L’ADN nu, procaryote ou eucaryote, est un brin de matière extrêmement mince, d’environ 11 nm de diamètre. Cependant, étant donné la taille des génomes eucaryotes, si l’ADN était stocké de cette façon à l’intérieur du noyau, il deviendrait ingérable emmêlé. Imaginez un seau dans lequel vous avez jeté une centaine de mètres de fil sans aucune tentative de l’organiser en l’enroulant ou en le groupant., Maintenant, considérez si vous seriez en mesure d’atteindre dans ce seau tirer sur un brin, et attendez-vous à tirer un seul brin, ou si au lieu de cela vous êtes susceptible de tirer au moins un petit enchevêtrement de fil. La cellule fait essentiellement ce que vous feriez avec le fil pour le garder organisé: il est emballé soigneusement en écheveaux plus petits et gérables. Dans le cas de L’ADN, chaque chromosome est bouclé autour d’un complexe histone pour former le premier ordre d’organisation chromosomique: le nucléosome.
la fibre de 30 nm est maintenue ensemble par deux ensembles d’interactions. Tout d’abord, L’histone de l’éditeur de liens, H1, rassemble les nucléosomes dans une structure d’environ 30 nm., Cette structure est ensuite stabilisée par des liaisons disulfures qui se forment entre L’histone H2A d’un nucléosome et L’histone H4 de son voisin.
les Histones sont une famille de protéines basiques (chargées positivement). Ils fonctionnent tous principalement dans l’organisation de l’ADN, et le nucléosome se forme lorsque L’ADN s’enroule (un peu plus de 2 fois) autour d’un noyau de huit histones – deux chacune de H2A, H2B, H3 et H4. Le nombre et la position des charges positives (principalement des lysines et des arginines) sont cruciaux pour leur capacité à lier étroitement L’ADN, qui, comme indiqué précédemment, est très chargé négativement., Que l” idée « opposés attirent » n » est pas seulement sortir ensemble astuce des colonnes de conseils.
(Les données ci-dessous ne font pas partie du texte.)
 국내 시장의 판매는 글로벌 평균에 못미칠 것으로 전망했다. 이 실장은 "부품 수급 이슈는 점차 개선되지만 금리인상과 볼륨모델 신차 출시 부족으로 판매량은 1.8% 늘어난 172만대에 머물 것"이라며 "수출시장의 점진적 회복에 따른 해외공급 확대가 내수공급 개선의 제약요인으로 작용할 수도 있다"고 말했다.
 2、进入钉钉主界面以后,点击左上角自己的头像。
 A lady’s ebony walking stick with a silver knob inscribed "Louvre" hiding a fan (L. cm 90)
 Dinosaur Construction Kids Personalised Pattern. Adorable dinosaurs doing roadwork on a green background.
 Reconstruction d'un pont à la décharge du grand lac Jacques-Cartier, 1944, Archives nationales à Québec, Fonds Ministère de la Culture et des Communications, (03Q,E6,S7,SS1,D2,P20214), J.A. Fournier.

en examinant la structure 3D du complexe de noyau d’histone, nous voyons que bien que des domaines d’interaction protéiques relativement non chargés maintiennent les histones ensemble au centre, les résidus chargés positivement se trouvent autour de l’extérieur du complexe, disponibles pour interagir avec les phosphates chargés négativement de L’ADN.,
dans un chapitre ultérieur, nous discuterons de la façon dont les enzymes lisent l’ADN pour transcrire ses informations sur des morceaux d’ARN plus petits et plus faciles à gérer. Pour l’instant, nous devons seulement être conscients qu’à un moment donné, une grande partie de l’ADN est emballée étroitement, alors que certaines parties de l’ADN ne le sont pas. Étant donné que les pièces disponibles peuvent varier en fonction de ce qui se passe dans/dans la cellule à un moment donné, l’emballage de l’ADN doit être dynamique. Il doit y avoir un mécanisme pour desserrer rapidement la liaison de L’ADN aux histones lorsque cet ADN est nécessaire à l’expression des gènes, et pour resserrer la liaison quand ce n’est pas le cas., Il s’avère que ce processus implique l’acétylation et la désacétylation des histones.
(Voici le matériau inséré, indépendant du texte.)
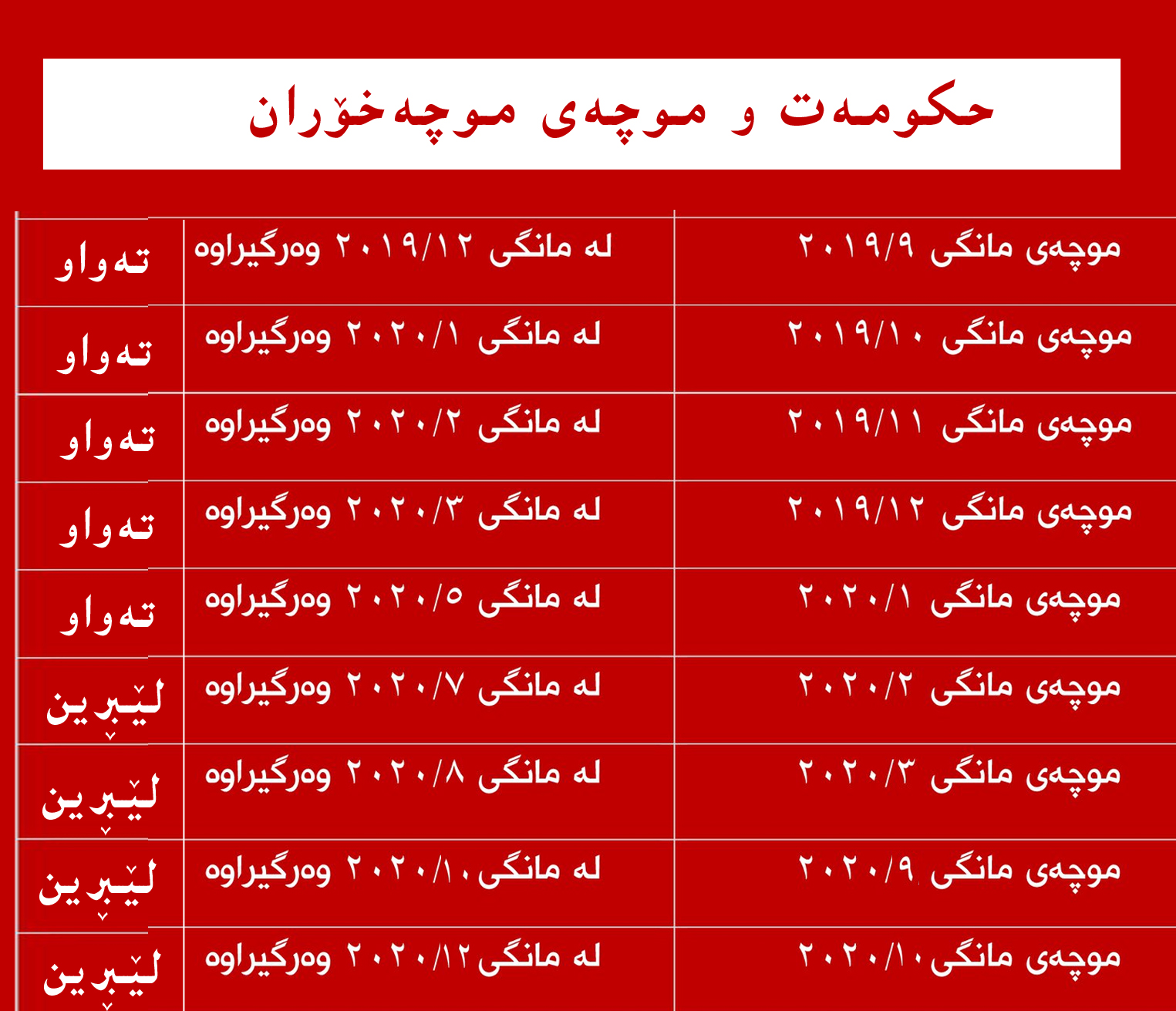 • لە 9/ تا 7/3/2020 موچەی مانگی (11)ی 2019 دابەشكراوە (ئەم مانگە موچەی تەواو بەفەرمانبەران دراوە بەبێ لێبڕین)
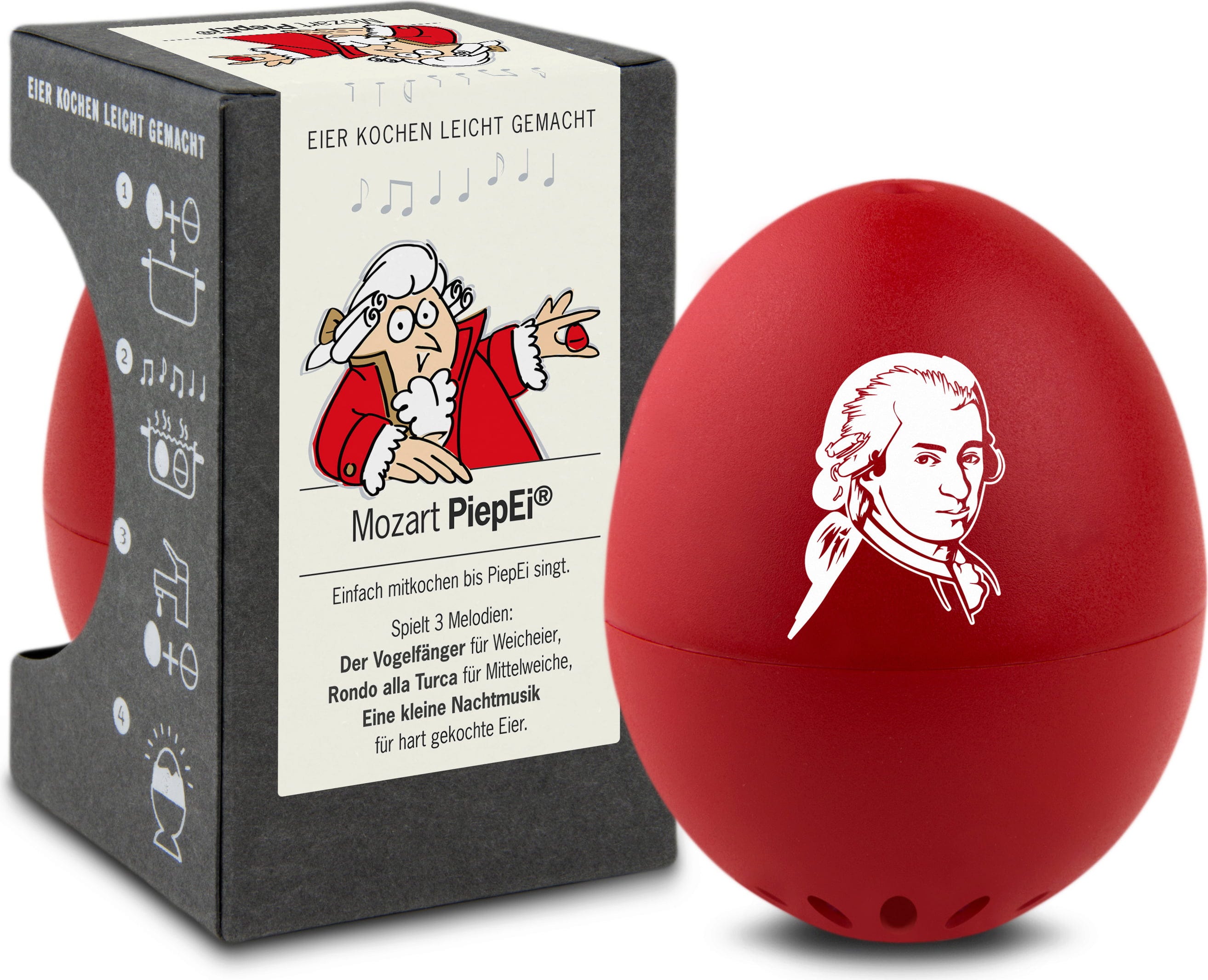 Wystarczy umieścić PiepEi z jajkami, ugotować je razem i poczekać, aż zabrzmi melodia odpowiadająca wybranemu stopniowi ugotowania. Działa to niezależnie od początkowej temperatury wody, wielkości jajek czy wysokości gotowania.
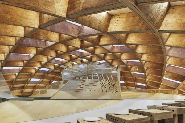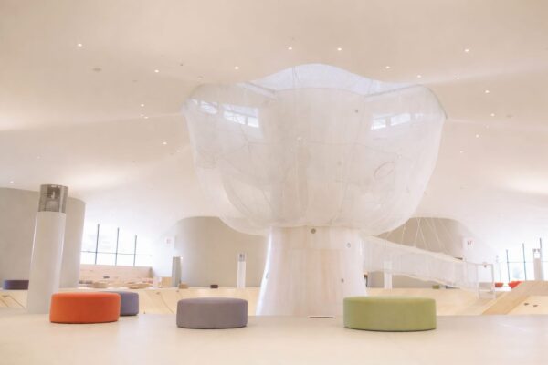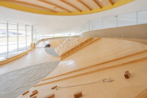 鶴岡市にある「KIDS DOME SORAI」は、遊びを通じて子どもの個性を伸ばすことをコンセプトにした山形の室内遊び場です。建築家・坂茂氏が手がけたドーム型の建物が印象的で、1階の大空間には巨大ネットジャングルや長さ45mの大斜面など、体を思いきり動かせる遊具が並ぶアソビバが広がります。地下にはツクルバがあり、1000種類以上の素材と200種類の道具を自由に使ってものづくりが楽しめます。
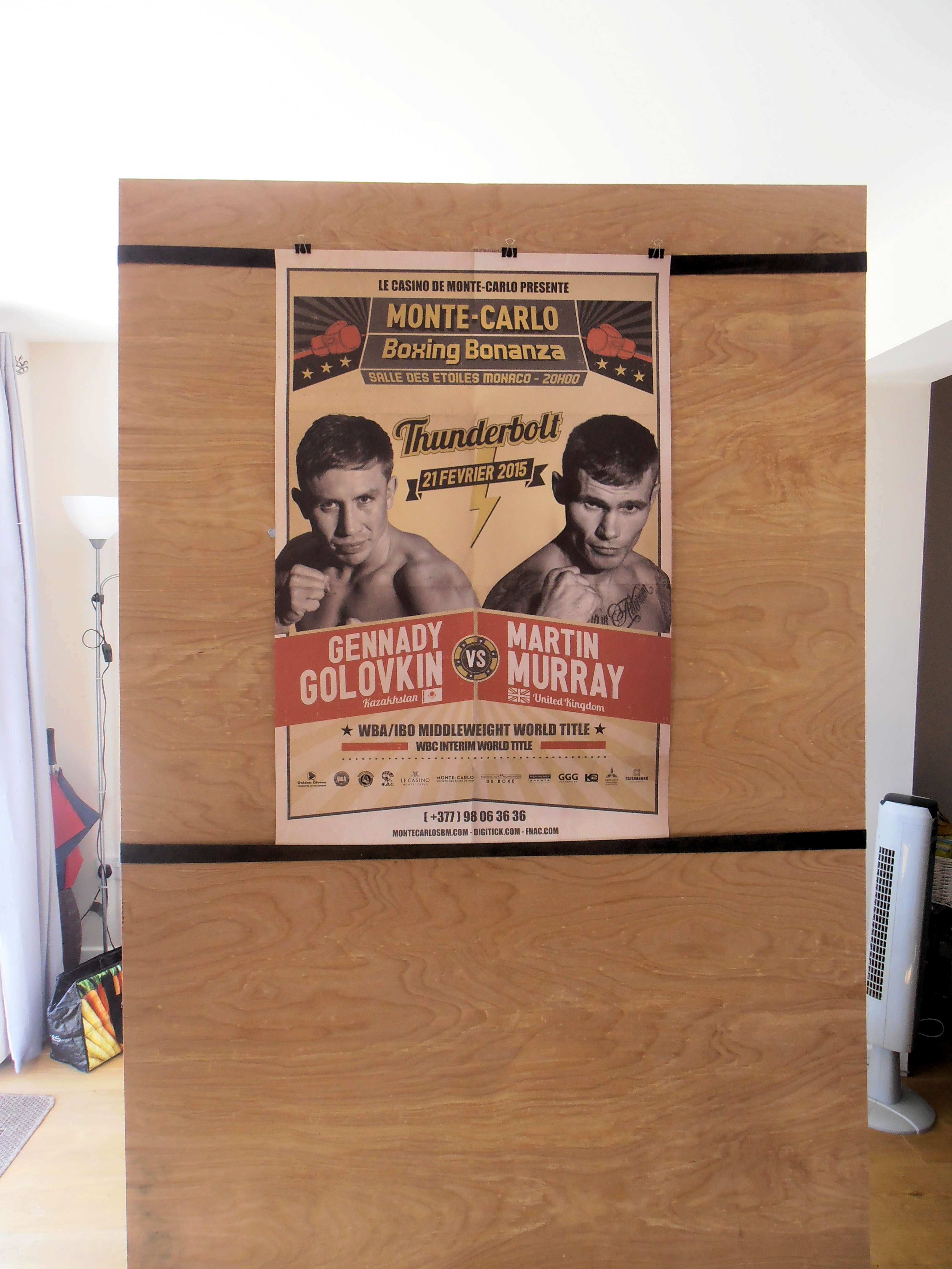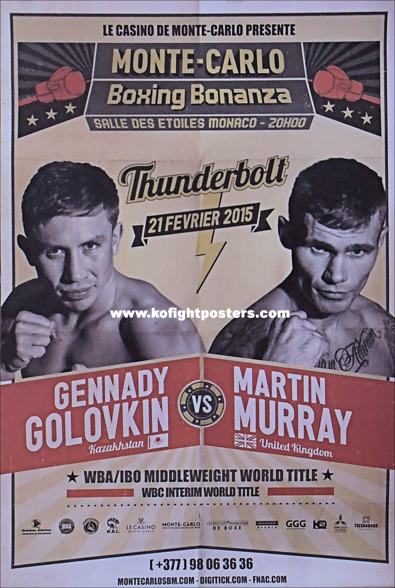 Description : Here we have an original official onsite main event boxing fight poster for the WBA/IBO & WBC Interim world middleweight championship title bout held at Salle des Etoiles, Monte Carlo, Monaco, 21st February 2015.

les histones Acétyltransférases (HATs) sont des enzymes qui placent un groupe acétyle sur une lysine d’une protéine histone. Les groupes acétyle sont chargés négativement et l’acétylation ajoute non seulement un groupe chargé négativement, mais supprime également la charge positive de la lysine. Cela a pour effet non seulement de neutraliser un point d’attraction entre la protéine et L’ADN, mais même de le repousser légèrement (avec des charges similaires)., De l’autre côté du mécanisme, les histones Deactylases (HDACs) sont des enzymes qui éliminent l’acétylation et rétablissent ainsi l’interaction entre la protéine histone et L’ADN. Comme ce sont des enzymes si importantes, il va de soi qu’elles ne sont pas autorisées à fonctionner bon gré mal gré sur n’importe quelle histone disponible, et en fait, elles se trouvent souvent dans un complexe avec d’autres protéines qui contrôlent et coordonnent leur activation avec d’autres processus tels que l’activation de la transcription.